Harold Moore le sait bien: ce sont les clients qui font le menu et non le chef. Dans son nouveau bistrot français Pierre Lapin (inspiré du personnage de “Peter Rabbit”) dans le West Village, cette règle a donné quelques surprises. “J’ai retiré le croque-madame du menu car personne n’en commandait, indique le chef américain. Par contre, les oeufs en gelée et les oreilles de cochon marchent bien. Ça nous encourage à aller encore plus loin.”
Dans une ville où les nouveaux restaurants cherchent sans cesse à repousser les limites de la cuisine, Pierre Lapin fait figure d’exception. Ici, on ne “cherche pas à réinventer la roue“, souligne l’associée et fiancée d’Harold Moore, Julia Grossman, mais à réhabiliter les grands classiques comme on en trouve dans les bistrots français. Aux côtés des oeufs en gelée, on trouve ainsi des escargots, des cuisses de grenouille, une blanquette de veau et des coquilles Saint-Jacques. “La cuisine à New York est allée tellement loin ces dernières années que les clients veulent retrouver les classiques qui ont défié le temps”, estime la patronne.
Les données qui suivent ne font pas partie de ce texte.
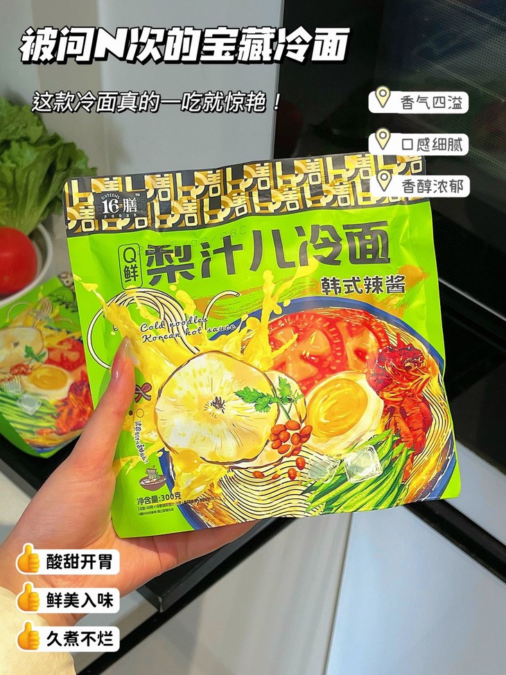 我觉得16膳Q弹梨汁儿冷面真的好值得!感觉是我吃过得好吃的冷面❗ 吃凉面,对着面吹一口这是什么该死的仪式感 ✅即食面条篇: 相比米饭、馒头要搭配下饭菜才可以的主食,面条简直方便 每天被纷繁的工作牵绊 真的需要一碗凉面提提神 面条劲道,味道鲜美浓郁 这才是便捷美食的正确打开方式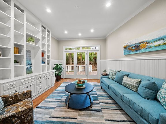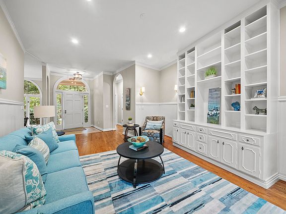 Stunning 3,900-square-foot on a spacious acre lot! The heart of the home is a spacious kitchen featuring white cabinetry, granite countertops, and a massive island—ideal for both cooking and entertaining. The first-floor primary suite offers a comfortable retreat with a walk-in closet and a generously sized ensuite complete with dual vanities, a soaking tub, and a separate shower. Three additional bedrooms on the main level provide ample space for family or guests. The inviting family room showcases a vaulted ceiling, a cozy fireplace, and floor-to-ceiling windows that fill the space with natural light. A separate living area with built-in shelving opens directly into the backyard! Upstairs, you'll find an office, a bonus room perfect for hobbies, and a versatile flex space complemented by a modern bathroom with a walk-in shower. The walk in attic provides ample space for storage! Enjoy every aspect of outdoor living with the treelined backyard, where you'll find a charming playhouse and plenty of room to relax or play. Completing this exceptional property is a spacious three-car garage!
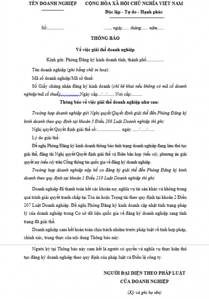 Mẫu thông báo về giải thể doanh nghiệp như sau:

“Dans des restaurants haut-de-gamme, quand personne ne sait ce que vous faites, on peut raconter n’importe quoi au client sur les plats. Mais quand on travaille sur des classiques, c’est plus exigeant. Les clients ont des attentes“, ajoute Harold Moore.
Ce n’est pas la première fois que le jeune chef originaire du New Jersey se frotte à la cuisine française. Après s’être formé à “la cuisine italienne white trash” avec “spaghettis- boulettes de viande-sauce tomate” et un passage par l’école culinaire, il entre en 1994 chez Daniel, le restaurant de Daniel Boulud. Là, il côtoie des stars en devenir comme le chef pâtissier François Payard et l’Américian Mike Anthony. “Daniel venait d’ouvrir. La cuisine débordait de talents. Les opportunités d’apprendre étaient sans limites“, se souvient-il.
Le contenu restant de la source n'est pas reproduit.